Generally, there is a notable overlap between people that vote and people that take part in elections (focusing on the year before the meetup):
- Eligible voters: In 7% of cases, they attended a meetup.
- Voters: In 36% of cases, they attended a meetup.
- In 3% of cases, they met the candidate personally.
- In 36% of cases, they met another voter personally.
- Candidates: In 37% of cases, they attended a meetup.
- In 40% of cases, users who know the candidate personally voted.
- In 90% of cases, voters who know the candidate personally voted in favour of them.
- In 7% of cases, voters who know the candidate personally voted against them.
- Successful candidates: In 45% of cases, they attended a meetup.
In the following, I will present results regarding the four main questions I investigated. I keep the statistical details short, but I am happy to explain more if needed (e.g. regarding subsampling, modelling approach, control variables etc.; the details can also be read in the thesis).

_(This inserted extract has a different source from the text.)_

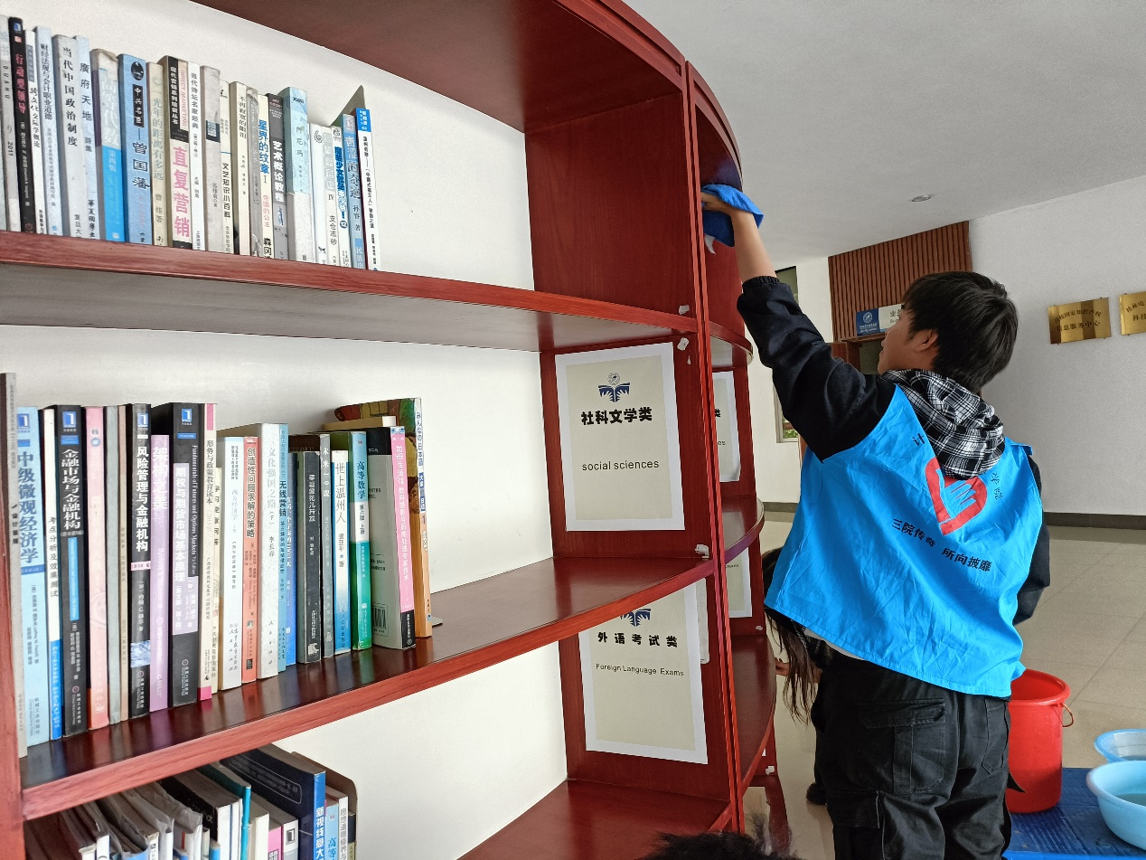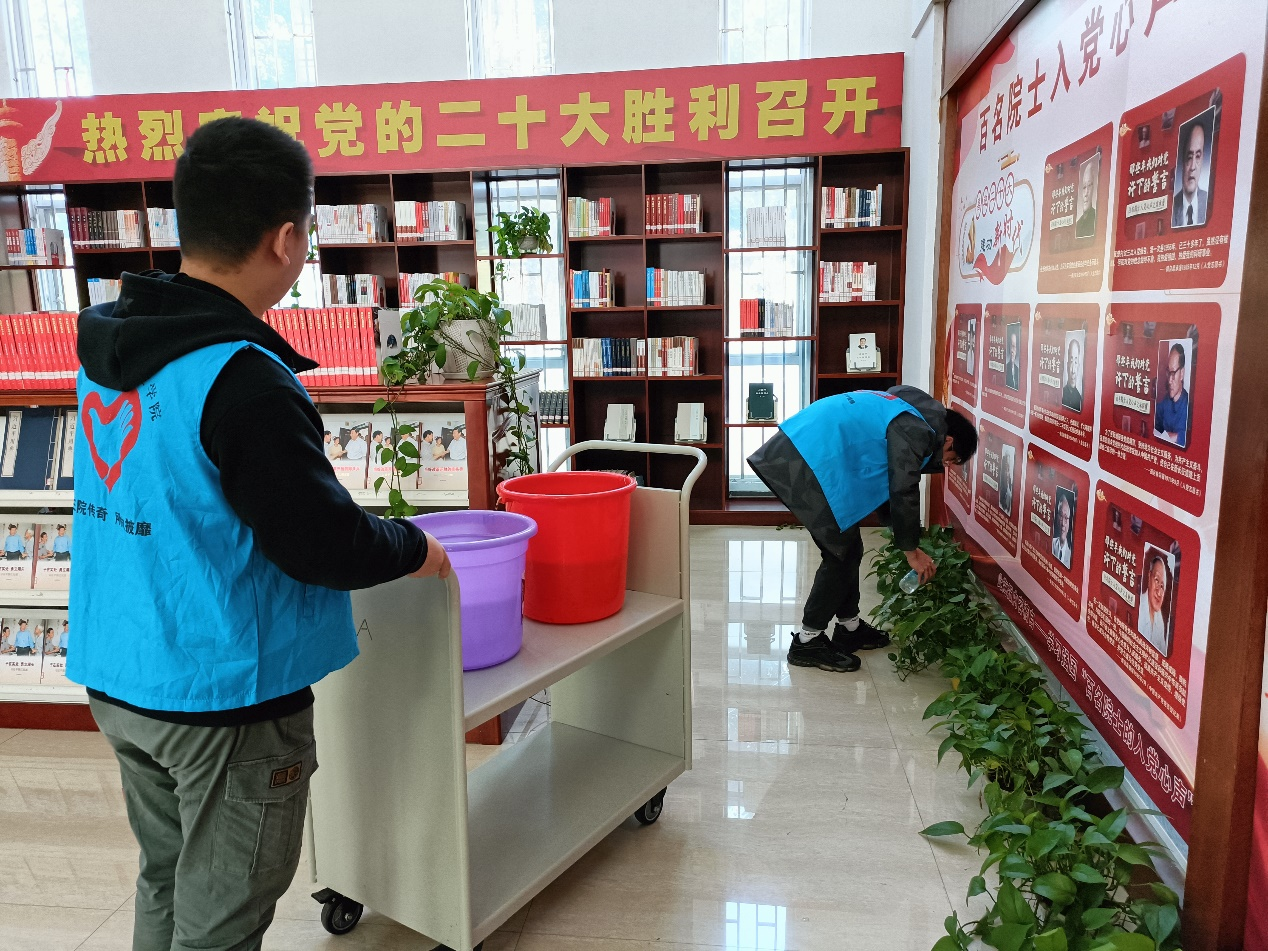 志愿者们对图书馆的环境卫生进行清扫,协助整理图书。通过本次主题党日活动不仅能让支部同学们更好地学习雷锋同志的无私奉献精神,还能在志愿服务活动中加强党性锻炼和党性修养,发挥党员的先锋模范、服务师生的作用。

- To what extent does participation in offline meetings influence the decision of editors to stand for election?
- Approach: Compare those running to become administrator with those not running (as well as to analyse within-user changes over time).
- 9014 observations of 3973 users (247 instances of candidacy); subsampled dataset
- Analysis on the level of years
- Dependent variables: Ran as administrator in a given year (0/1)
- Estimation of multilevel within-between linear probability models
- Exclusion of re-elections
- Bivariate results (relationship between two variables):
- The more meetings a user has attended in the last year, the more likely that person is to stand as an administrator.
- The more voters a user has met in the last year, the more likely that person is to stand as an administrator.
- The more central a user is in the meetup network, the more likely that person is to stand as an administrator.
- Multivariate results (controlling for additional variables):
- There are no significant effects of offline interactions, except the within variation of the number of other users met: The more users a user has met in the past year, the more likely the user is to run for administrator.
- However, the effect is small: it is more important to collaborate and talk to other users).
- Bivariate effects found regarding the other variables disappear when controlling for other variables.
- To what extent is the result of administrator elections influenced by participation in offline meetings?
- Approach: Compare successful candidacies with unsuccessful ones.
- 1191 observations of 756 users (718 became administrator)
- Dependent variables: Became administrator (0/1)
- Estimation of linear probability models with clustered standard errors
- Bivariate results (relationship between two variables):
- The more meetings a user has attended in the last year, the more likely that candidate is to be successful in an election.
- The more voters a user has met in the last year, the more likely that candidate is to be successful in an election.
- The more central a user is in the meetup network, the more likely that candidate is to be successful in an election.
- Multivariate results (controlling for additional variables):
- Positive and significant effect of the proportion of voters met: Having met 1 per cent more of the voters leads to a 2.7 per cent increase in the probability to win the election.
- Both the effects of the bare number of meetups attended and the eigenvector centrality of a candidate are positive and significant, unless the number of voters met is included in the model simultaneously.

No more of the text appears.